While cracks appeared across such hardened stances by the mid 2010s, the pandemic was a catalyst that upended previously held notions of operational inflexibility, pushing companies to invest in technology en masse as their customers demanded visibility into their often-delayed freight. Real-time visibility and transparency became a household term, and regurgitated across boardrooms to the point of cliché.
However, as companies bought and integrated different freight-tech solutions, they quickly realized their problems were far from over. To start with, data recorded across various solution providers were not interoperable, as there was no ‘one standard’ that governed how data was measured or stored.
Then came the issue with ‘real-time’ data — which is seldom that, as data was rarely ever measured, stored, and transmitted the instant an event happened. And even if data streams could be streamlined and relayed in near time, there was always the challenge of weeding out noise in the data.
Data quality, or the lack of it, is a real problem that does not get discussed enough. Data noise is a frustrating problem, as it could creep into systems and damage a company’s ability to glean insights. The freight-tech solutions could be stellar, but if it’s garbage in, it’s garbage out.
The freight-tech solutions could be stellar, but if it’s garbage in, it’s garbage out.
First off, companies must understand what constitutes good data and what does not. “Good data is useful data. Is good data always entirely 100% correct? No, it doesn’t have to be. Because you can have consistently incorrect data and still use it to find patterns. On the flip side, you can have entirely correct data, but it could be completely useless,” said Genevieve Shattow, the head of analytics at ThroughPut.ai.
Taking this a step further, good data is not just defined by how accurately it gets measured or stored, but also by its relevance in the context of the problem that needs solving. A data set can be considered suitable in some situations and bad in others. “One of the reasons to always press for more data is because more data allows us to figure out the noise and the signal. More data will also allow us to pick and choose the data relevant to the current context,” said Shattow.
For instance, consider a business where product pricing is crucial, but the captured data is all about manufacturing. While the data could be very detailed and accurate, it will not be helpful for the management to understand market rates or their associated customer demand. This does not mean the manufacturing data has no importance — it is just not relevant enough until there is access to more crucial pricing data.
“The importance of data is tied to its situation,” contended Shattow. “We often have situations where data logging relies on someone needing to push a button to input it. In one case, we witnessed a person who always delayed it by two hours. We had no clear idea how long it actually took. But because it was so consistently late, we could either ignore the time it took to input that data, or consider the guy an outlier and look at other parallel and reliable data. And so, just because there is inaccurate data in a dataset, it does not mean it cannot be used.”

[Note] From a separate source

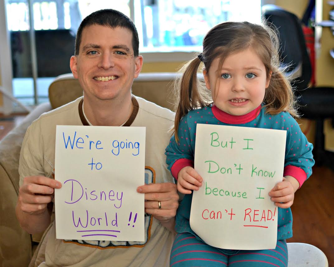 The plan was for me to come home from work, we’d tell the kids and then be out the door in 30 minutes. Â Check out the video of how long my daughter screams after she finds out she’s going to Disney World.
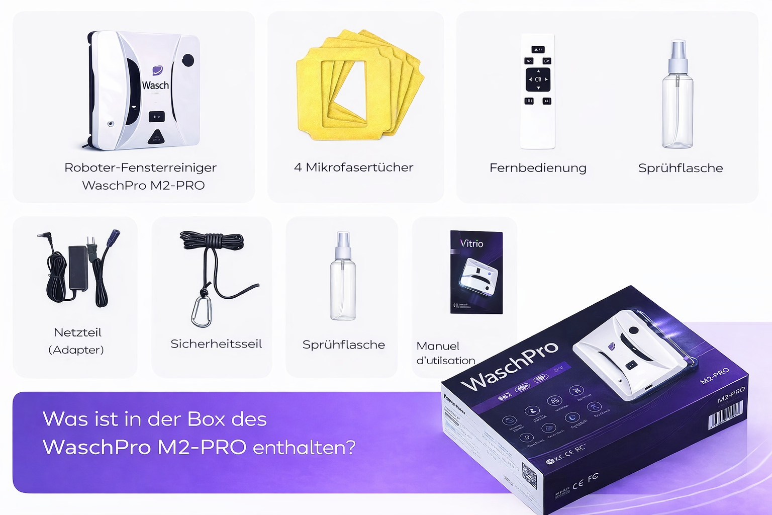 Die Lieferung umfasst den Roboter WaschPro™, sein Stromversorgungskabel, eine Sicherheitskette, eine Fernbedienung, wiederverwendbare Mikrofaserwäsche und eine Gebrauchsanleitung.

This reflects two realities — one, which shows that even great datasets can have noise, and two, data that relies on human interference can lend itself to inconsistencies. In the end, companies are run primarily by humans. But considering we are so used to being surrounded by robots and automated processes, it is natural to overlook and expect a robotic level of perfection that sets business processes up for failure.
This reflects two realities — one, which shows that even great datasets can have noise, and two, data that relies on human interference can lend itself to inconsistencies.
This mentality becomes an issue when it infiltrates the top management, complicating matters. “They rely on the company to be almost robot-like because they’re not making the mistakes themselves,” pointed out Shattow. “They’re not on the ground, picking packages or pushing buttons. They might see a column that says ‘rate of mistakes,’ but there’s an inability to understand that data comes from humans. Even sensors have issues. But this idea that people, en masse, perform to certain standards is clearly an issue that needs to be overcome.”
The instant gratification part of our everyday life — right from expecting same-day delivery to scrolling through social media, is resulting in a yearning for updates that come in real-time and on-demand. Then again, companies rarely need updates in real-time; they only need them on-demand.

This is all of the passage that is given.